Как на этом фоне выглядела 175-я школа? Благотворительные функции она осуществляла с размахом, но не детским, а взрослым. Родительский комитет здесь собирал крупные суммы денег, которых с лихвой хватало на покупку новой одежды и обуви для 144 детей фронтовиков, учившихся в школе, и даже для их младших братьев и сестер. Те же влиятельные родители организовали концерт мастеров искусства, который дал огромный сбор в размере 40 тыс. руб. На эти деньги были закуплены 150 путевок в санаторий Монино, которые покрыли потребности не только нуждающихся учащихся своей школы, но и некоторых из соседних школ[24]. Еще один такой концерт намечался на 5 июня 1943 г., и опять – таки его готовили активные родительницы-общественницы – С.М. Шахурина и ее подруга Р.А. Рейзен, жена знаменитого баса Большого театра М.О. Рейзена. Однако этот концерт был сорван трагическим происшествием на Большом Каменном мосту 3 июня 1943 г. [25]

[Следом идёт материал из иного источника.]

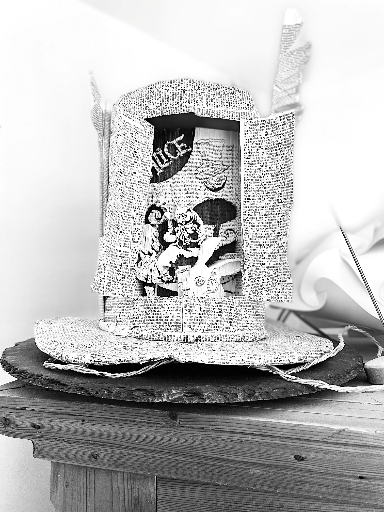 Ans Stecher wandelt Bücher zu Buchskulpturen. Mittels sorgfältiger Faltungen und präzisen Schnitten erschafft er Traumwelten und gibt Worten philosophische Bedeutungen. Seine Buchskulpturen werden auch liebevoll «Eselsohrenkunst» genannt. Mit viel Geduld und einem geeigneten Buch entstehen Kunstobjekte, die uns zum Staunen bringen.

Безусловно, 175-ю школу не могли обойти стороной и те кампании, в которые были вовлечены остальные школьники Москвы. Из показаний классной руководительницы 7 класса следствию по делу «Четвертая империя» можно выяснить, что и эта школа занималась сбором средств на самолет «Школьник», при чем ответственным за это мероприятие среди семиклассников был назначен Володя Шахурин. Тот вроде бы энергично взялся за дело, однако, узнав, что его класс по сумме собранных денег обошли шестиклассники, охладел к порученной работе и забросил ее[26]. Вряд ли такой бесславный финал был неожиданным. Оторванность подавляющего большинства учеников от бед и забот страны не мотивировала на то, чтобы исправно, без ожидания за это награды, вносить свою лепту в дело разгрома врага. Столь же мало эти ученики были готовы к нагрузке, которую брали на себя их обычные сверстники – в производственных мастерских, на предприятиях, в рамках тимуровского движения или же просто в бытовой помощи соученикам с трудными жизненными обстоятельствами. Да и скорее всего, прояви они такое желание, им попросту не позволили бы его осуществить.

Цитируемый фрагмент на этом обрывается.